╔══
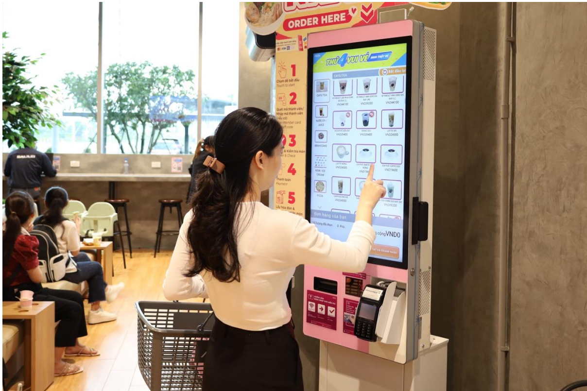
Customers experience the Automatic Order Picker at Super Supermarket (SSM) - AEON Binh Duong New City
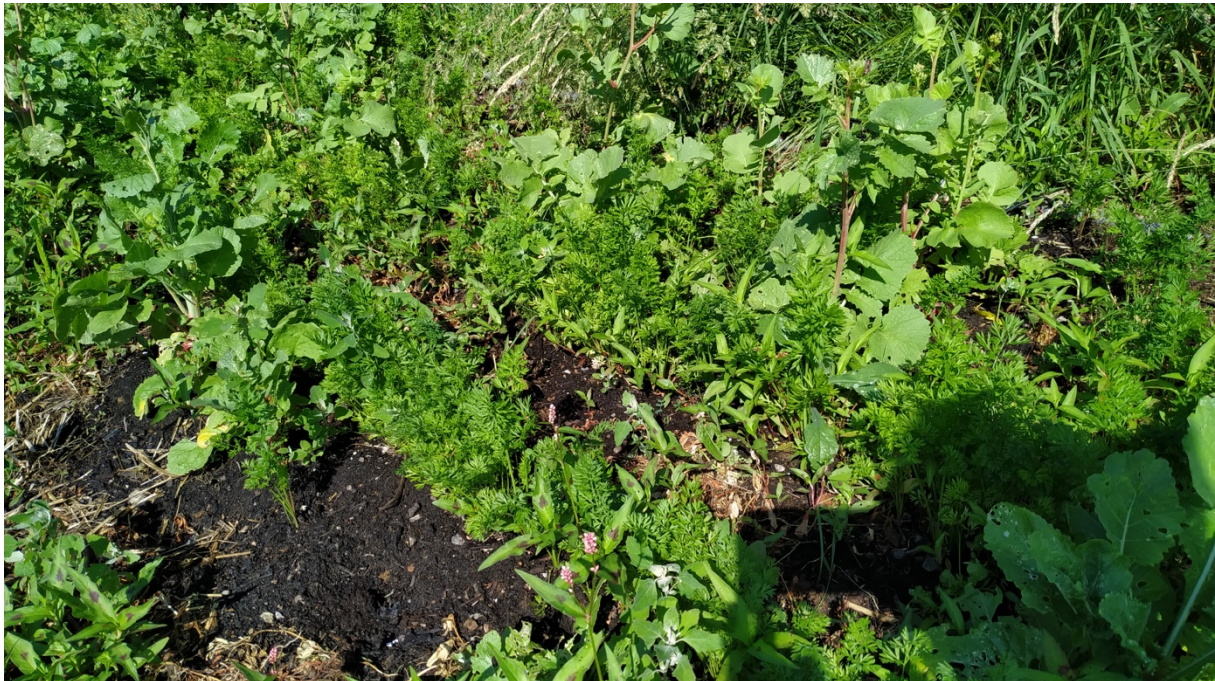
Sowing carrots in green waste compost, and seeded radish for self-production of seeds
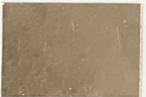
White 12kt ♦ ■ CR12.00WH AW = 16g 50% Gold - 50% Silver
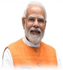
Shri Narendra Modi
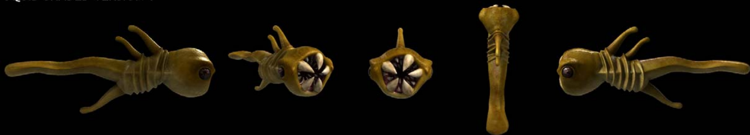
SQUID SHADED VERSION 1
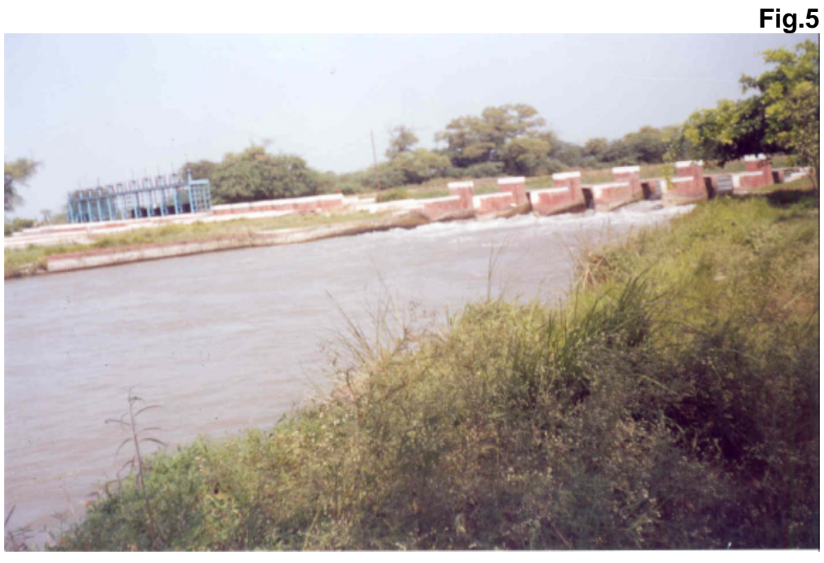
Head JLN & BSB
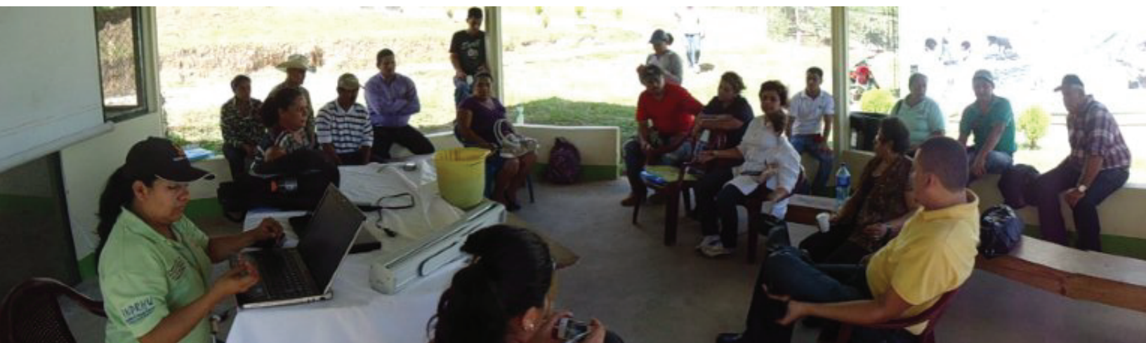
Photo: Planning session with the Rosquillas value chaining committee

A practical demonstration of topics related to climate change was made visible in the experience exchange, when the Committee members noticed that usage of candy preparation waste could contribute to climate change mitigation and adaptation. Reusing waste from candy preparation is a mitigation measure because it uses clean energy. It can also be considered an adaptation measure because reusing waste decreases the need for firewood, which prevents deforestation and, consequently, results in soil quality improvement and greater water preservation.
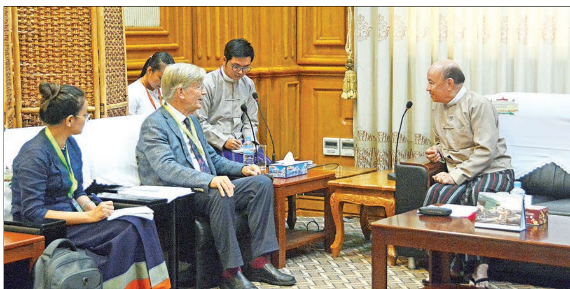
Pyidaungsu Hluttaw Deputy Speaker U Tun Tun Hein holds talk with British Supreme Court Judge Rt. Hon Lord Carnwath in Nay Pyi Taw yesterday.

During the meeting, they exchanged views regarding the friendship and cooperation between Britain and Myanmar, and discussed the legislative processes of the Myanmar Hluttaws, as well as environmental conservation laws. —MNA ■
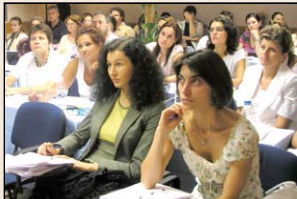
Training for successfully applying for work in the European administration

In 2008 a new joint training initiative of the Diplomatic Institute and CEFEC open to Bulgarian citizens was launched - preparation for application under EU funding programmes and lobbying techniques.
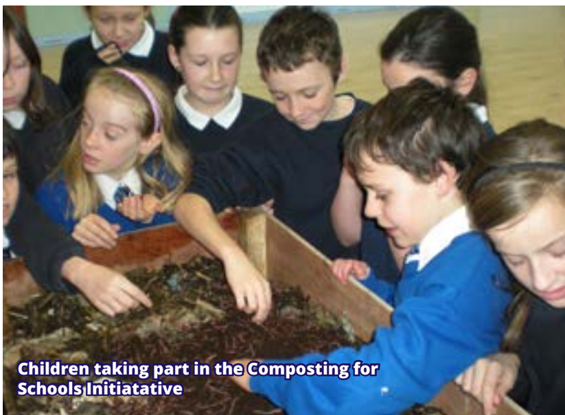
Children taking part in the Composting for Schools Initiative

Places are limited and are given on a first come first served basis. So please do not hesitate to jump on this unique opportunity by visiting www.compostingireland.ie/schools/
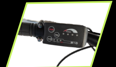
Smart LED Display
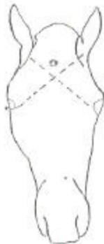
Figure 1. The target area for humane destruction of a horse by shooting just above the intersection of the broken lines.

13.4 The target area and direction of the bullet are shown below:
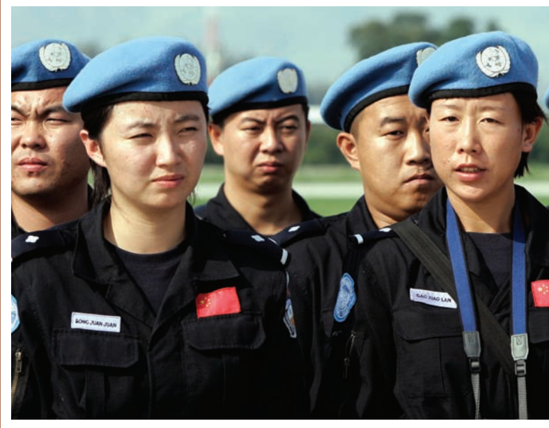
Members of the Chinese Formed Police Unit arrive in Port Au Prince, Haiti, 17 October 2004.

Greater representation of women is necessary to strengthen the implementation of mission mandates.
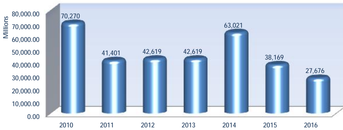
Yearly Transactions Value in mil. €
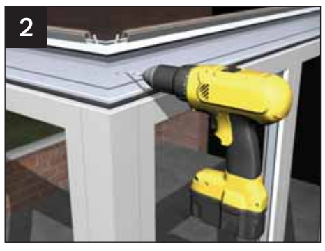
Two pilot holes already exist in the next piece of eaves beam – drill two more at 4.5mm diameter through the eaves beam and the cleat and then securely fit the four M5 x 12mm taptite screws.
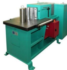
Stierli-Bieger Bending & Straghtening Machines
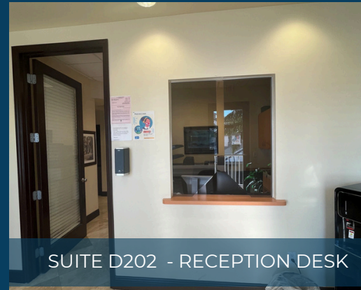
SUITE D202 - RECEPTION DESK
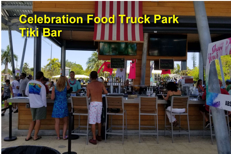
Celebration Food Truck Park Tiki Bar
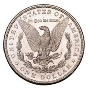
806 Dollar 1881s. Virtually mint state [slabbed NGC MS 64]
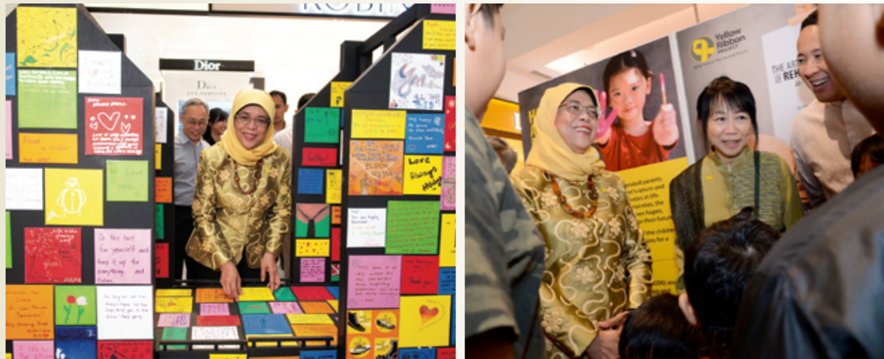
/ The Yellow Ribbon Community Art Exhibition received an honoured visit from then President of Singapore, Mdm Halimah Yacob

Celebrating nine years of partnership between the Yellow Ribbon Project and the Singapore Art Museum, the Yellow Ribbon Community Art Exhibition held at Raffles City Singapore received an honoured visit by then President of Singapore, Mdm Halimah Yacob. Under the theme “Transitions: Crossroads & Choices”, the exhibition showcased 78 artworks, representing the culmination of a year-long collaboration between inmates and their artist mentors.
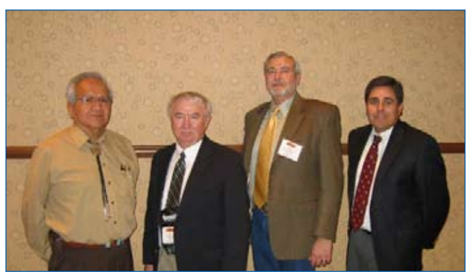
NIGC meets with Yavapai Apache, Prescott, Arizona
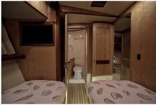
Port guest stateroom looking forward
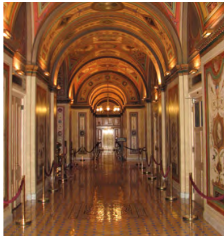
The corridors of the U.S. Capitol designed by Constantino Brumidi.

We are certain his talk will be interesting and informative, so please come and bring your family and friends. There will be a catered lunch by Fontina Grille along with some wonderful raffle prizes. This event is coordinated with the Casa Italiana Socio-cultural Center and the Italian American Museum of Washington, D.C. Reservations are due by September 28, 2021, and space may be limited, so please reserve early. For more information, see page 15. ■
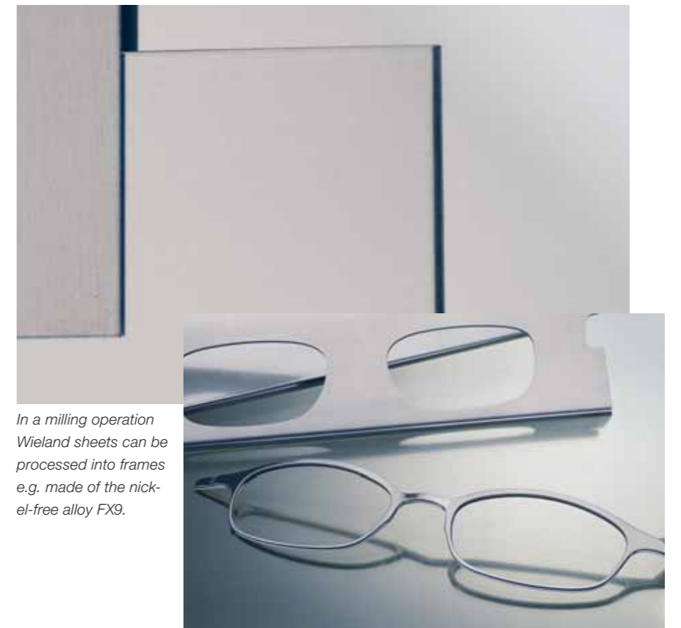
In a milling operation Wieland sheets can be processed into frames e.g. made of the nickel-free alloy FX9.
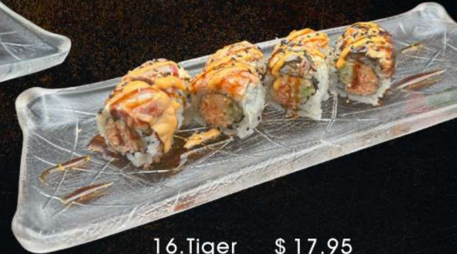
16. Tiger $ 17.95

In: spicy salmon, crunch, avocado Out: salmon, Tobiko, Kaiware Sauce: spicy mayo
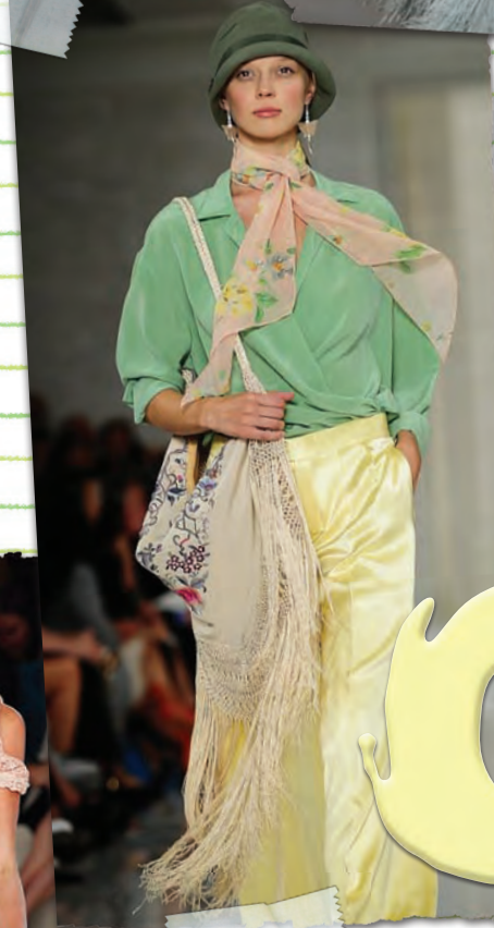
Resene Shalimar Ralph Lauren
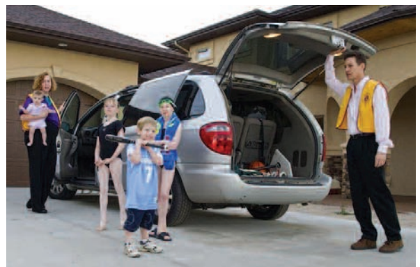
This photo accompanied a story on how busy Lions balance family with service. A professional shot it, but amateurs can take to heart the need to conceptualize a photo beforehand.
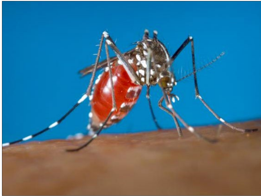
Dengue is caused by any one of four closely related viruses transmitted by the bite of an infected Aedes aegypti mosquito. About half of the world's population is now at risk.

The NMRC team is collaborating with other Navy Medicine researchers at the U.S. Naval Medical Research Unit No. 6 in Peru and the U.S. Naval Medical Research Center – Asia in Singapore
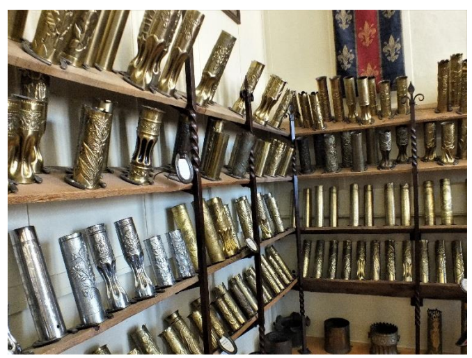
Shell casings turned into works of art
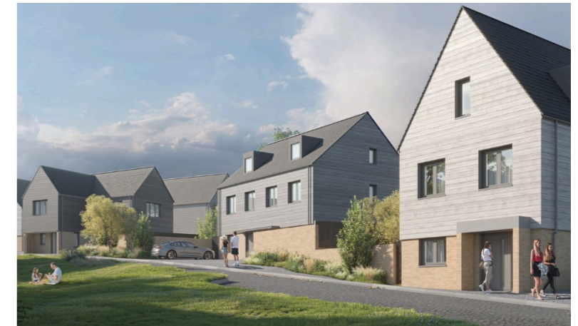
Artist Impression of new low energy homes at the former Highview school site.
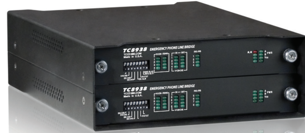
TC8938S Standalone/Wallmount Unit
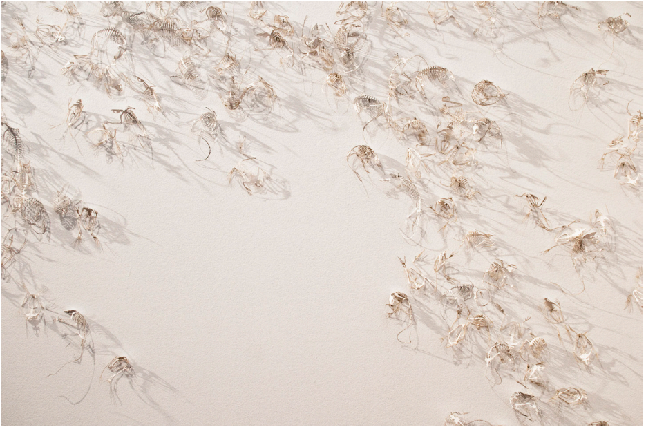
Symptoms (detail view), 2014 paper, site-specific installation 3.5 x 3.6m POA
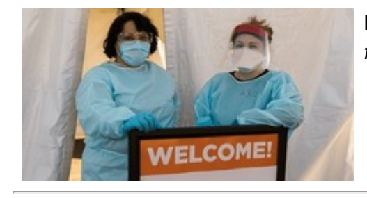
Need to get tested for COVID-19? You can find out how by clicking on the image.

For More Information: kingcounty.gov/vaccine
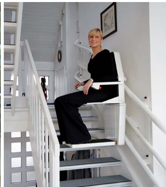
OMEGA seat version

Especially outdoors the OMEGA meets a solid, however shapely lift system.
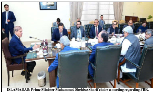
ISLAMABAD: Prime Minister Muhammad Shehbaz Sharif chairs a meeting regarding FBR.
╚══
__Task prompt__
I'd like the lines above repeated exactly, from the one that contains "Celebration Food Truck Park Tiki Bar" through the one that contains "The corridors of", with no pictures.

__Solution__
Celebration Food Truck Park Tiki Bar
806 Dollar 1881s. Virtually mint state [slabbed NGC MS 64]
/ The Yellow Ribbon Community Art Exhibition received an honoured visit from then President of Singapore, Mdm Halimah Yacob

Celebrating nine years of partnership between the Yellow Ribbon Project and the Singapore Art Museum, the Yellow Ribbon Community Art Exhibition held at Raffles City Singapore received an honoured visit by then President of Singapore, Mdm Halimah Yacob. Under the theme “Transitions: Crossroads & Choices”, the exhibition showcased 78 artworks, representing the culmination of a year-long collaboration between inmates and their artist mentors.
NIGC meets with Yavapai Apache, Prescott, Arizona
Port guest stateroom looking forward
The corridors of the U.S. Capitol designed by Constantino Brumidi.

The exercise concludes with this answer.